Gil Magira, 36, from Hendon, north London, admitted crushing up the pills, which he bought online, and sprinkling them in his wife's sandwich, yogurt and a bowl of cereal in an attempt to end her 11-week pregnancy.

Yesterday, at the Old Bailey in London, Magira was jailed for three years and nine months after pleading guilty to a charge of using an instrument to procure a miscarriage. It was the first time in more than 30 years that someone has been charged with such an offence. It was also the first time that a father has been prosecuted for trying to terminate a pregnancy in such a way.

Judge Oliver Sells told Magira: "It was an act which was a terrible aberration. No one who has heard what occurred can be in any doubt what you were setting out to do."

Magira's wife, Anat Abraham was left in pain and bleeding and had to go to hospital after her husband's attempts at inducing an abortion. However, the child survived and their son, Matan, was born in June last year.

Before the sentencing, Ms Abraham had told the court: "When I found out that Gil had poisoned me, I was in total shock. I would have never thought he would have such capability.

"The way it was done seems almost inhuman; the way he pretended to be caring of me fully aware that he had slipped abortion pills into my food; the way he continued sharing my bed and my life as if nothing had happened. I was really scared for the first time in my life. I was scared for my life, the baby's life and Gil's life.

"What made it worse was seeing how desperate he was to get rid of the baby. Every day that passed I felt as if I had bought this baby another day to live."

The court heard that when Magira learnt his wife was pregnant in November 2006 he begged her to have an abortion. When she refused he started to search for abortion medication on the internet.

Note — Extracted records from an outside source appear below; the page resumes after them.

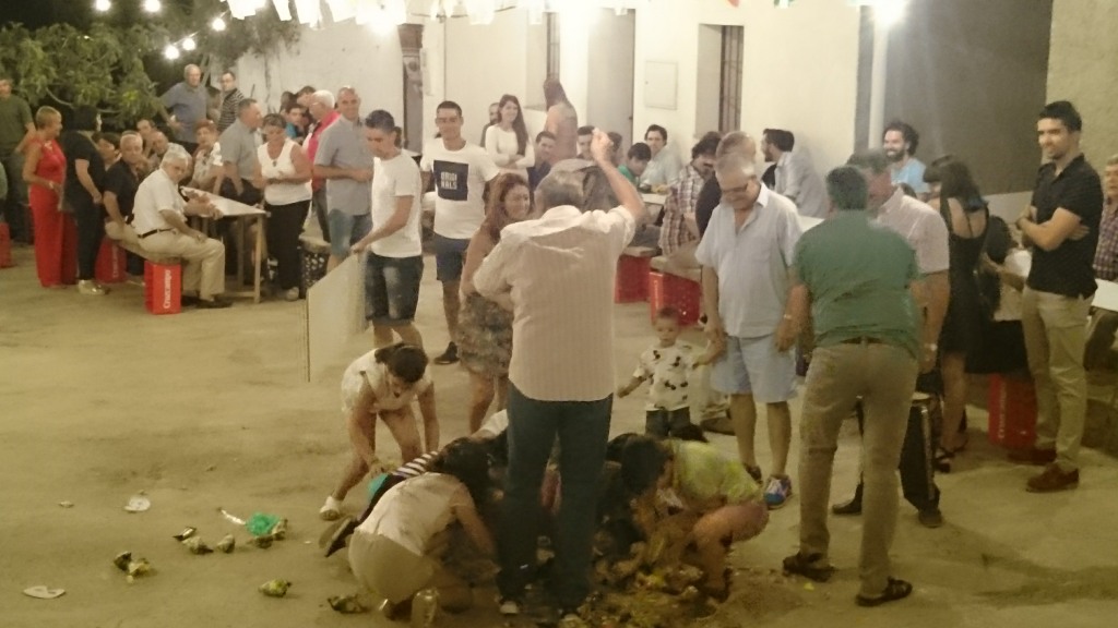 Finalizado el solemne acto, la gente se dirigió a las mesas para ser servidos en una Cortijada ya repleta a primerísima hora de la noche. Varios voluntarios se ofrecieron a que ninguna mesa careciera de comida o bebida. Hay que decir que el tradicional y delicioso ponche cumplió sobradamente con las expectativas, muchos podemos dar fe.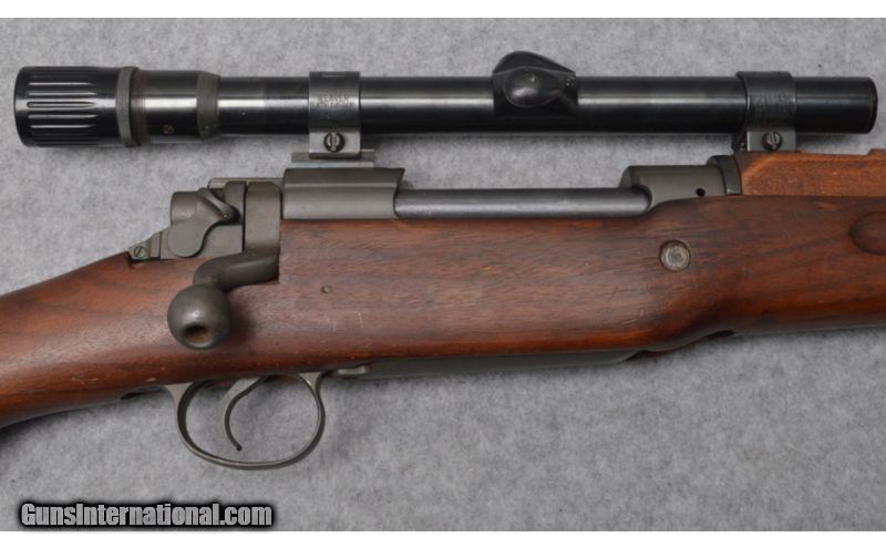 Description: This is a Winchester Model of 1917 “American Enfield” in .30-06 Spg. This rifle features a period correct scope marked Weaver V22. The barrel is marked W with a proof mark and dated 3-18. The barrel and receiver have the majority of the Parkerizing left on the metal. The walnut stock is very good with some minor handing and normal use marks. The bore of this rifle is bright with defined rifling. SOLD Curio/Relic: Yes Caliber Info: .30-06 Spg. Chambers: Bolt action repeater. Metal Condition: Very good. Wood Condition: Very good. Bore Condition: Bright with defined rifling. Barrels: 26" parkerized. Triggers: Serrated parkerized trigger. Stock: Smooth walnut with pistol grip. Stock Dimensions: 13-3/4" length of pull. Fore End: Matching smooth walnut with finger grooves. Butt Pad: Steel butt plate. Weight: 9 lb 9 oz. Sights: Weaver V22 scope. Item Location: West Chester, OH |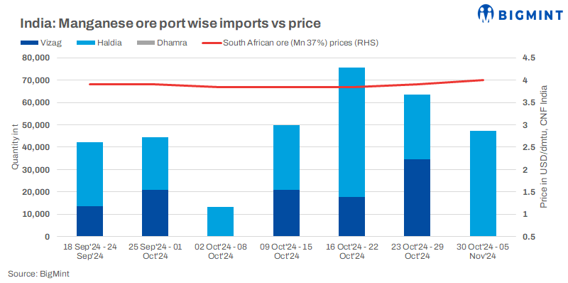 Weekly cargo arrivals drop: Manganese ore imports to India decreased by 26% w-o-w, with shipments totaling 47,176 tonnes between 30 October and 5 November, 2024).

The following February he put it into a sandwich he had made her for breakfast. After eating it Ms Abraham, who was 38 at the time, went to work in the bakery they ran together in Stanmore but began to feel pain and went to hospital.

The baby survived and so Magira tried to administer the drug again the following day, this time putting the pills in a yoghurt and bowl of cereal.

When that failed, he confessed what he had done to his psychologist, who told him to tell his wife. When Ms Abraham found out, she told him the relationship was over and phoned the police.

Jonathan Goldberg, for the defence, said that Magira had attempted suicide after realising what he had done. He also claimed that Ms Abraham had tried in effect to "blackmail" Magira by telling him if he signed over his two bakeries and restaurant she would not go to the police.